● **WHAT YOU NEED TO DO**
Within the material below, transcribe exactly the lines from the one holding "DESCRIZIONE: Apollon Roma" through the one holding "يبدأ التنفيذ بواجهة", keeping both ends and skipping the rest.

● **DATA FOR THIS EXERCISE**
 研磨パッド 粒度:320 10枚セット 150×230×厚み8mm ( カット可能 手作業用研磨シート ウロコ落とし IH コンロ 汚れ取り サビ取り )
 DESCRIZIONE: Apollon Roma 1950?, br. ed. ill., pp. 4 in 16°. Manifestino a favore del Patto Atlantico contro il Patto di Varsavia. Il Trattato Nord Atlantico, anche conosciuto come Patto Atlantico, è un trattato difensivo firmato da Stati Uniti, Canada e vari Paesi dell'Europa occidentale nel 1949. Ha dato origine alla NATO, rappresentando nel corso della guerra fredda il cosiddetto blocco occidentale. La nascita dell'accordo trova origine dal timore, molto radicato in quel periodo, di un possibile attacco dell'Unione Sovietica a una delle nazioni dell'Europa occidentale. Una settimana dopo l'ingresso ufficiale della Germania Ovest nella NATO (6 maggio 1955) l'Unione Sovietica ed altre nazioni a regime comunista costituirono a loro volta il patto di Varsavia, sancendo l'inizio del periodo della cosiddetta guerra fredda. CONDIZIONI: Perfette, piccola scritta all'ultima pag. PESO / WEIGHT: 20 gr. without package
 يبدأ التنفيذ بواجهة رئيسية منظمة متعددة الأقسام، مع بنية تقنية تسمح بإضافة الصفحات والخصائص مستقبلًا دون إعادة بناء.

...

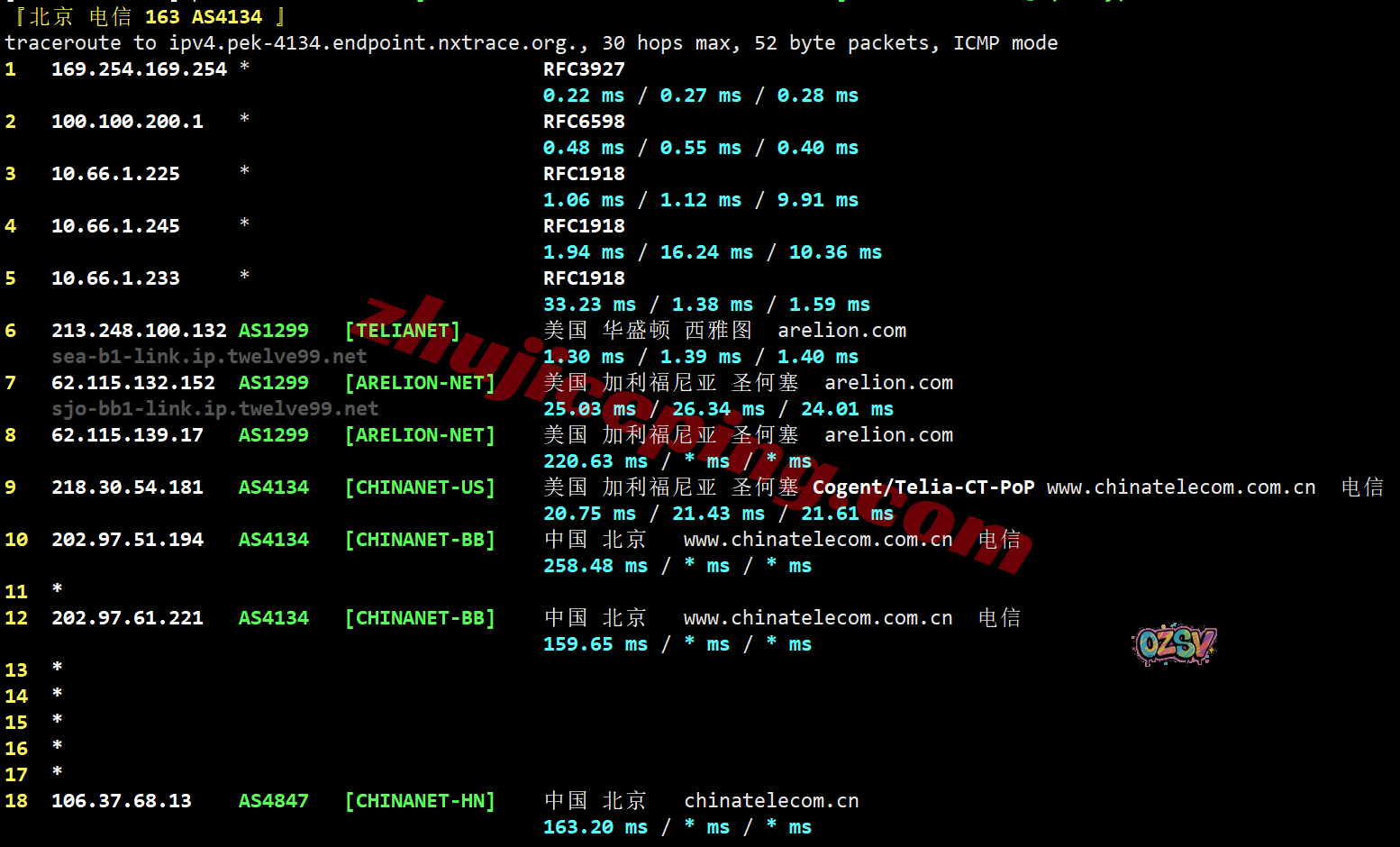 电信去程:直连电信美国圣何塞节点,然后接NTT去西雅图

● **RESULT**
 DESCRIZIONE: Apollon Roma 1950?, br. ed. ill., pp. 4 in 16°. Manifestino a favore del Patto Atlantico contro il Patto di Varsavia. Il Trattato Nord Atlantico, anche conosciuto come Patto Atlantico, è un trattato difensivo firmato da Stati Uniti, Canada e vari Paesi dell'Europa occidentale nel 1949. Ha dato origine alla NATO, rappresentando nel corso della guerra fredda il cosiddetto blocco occidentale. La nascita dell'accordo trova origine dal timore, molto radicato in quel periodo, di un possibile attacco dell'Unione Sovietica a una delle nazioni dell'Europa occidentale. Una settimana dopo l'ingresso ufficiale della Germania Ovest nella NATO (6 maggio 1955) l'Unione Sovietica ed altre nazioni a regime comunista costituirono a loro volta il patto di Varsavia, sancendo l'inizio del periodo della cosiddetta guerra fredda. CONDIZIONI: Perfette, piccola scritta all'ultima pag. PESO / WEIGHT: 20 gr. without package
 يبدأ التنفيذ بواجهة رئيسية منظمة متعددة الأقسام، مع بنية تقنية تسمح بإضافة الصفحات والخصائص مستقبلًا دون إعادة بناء.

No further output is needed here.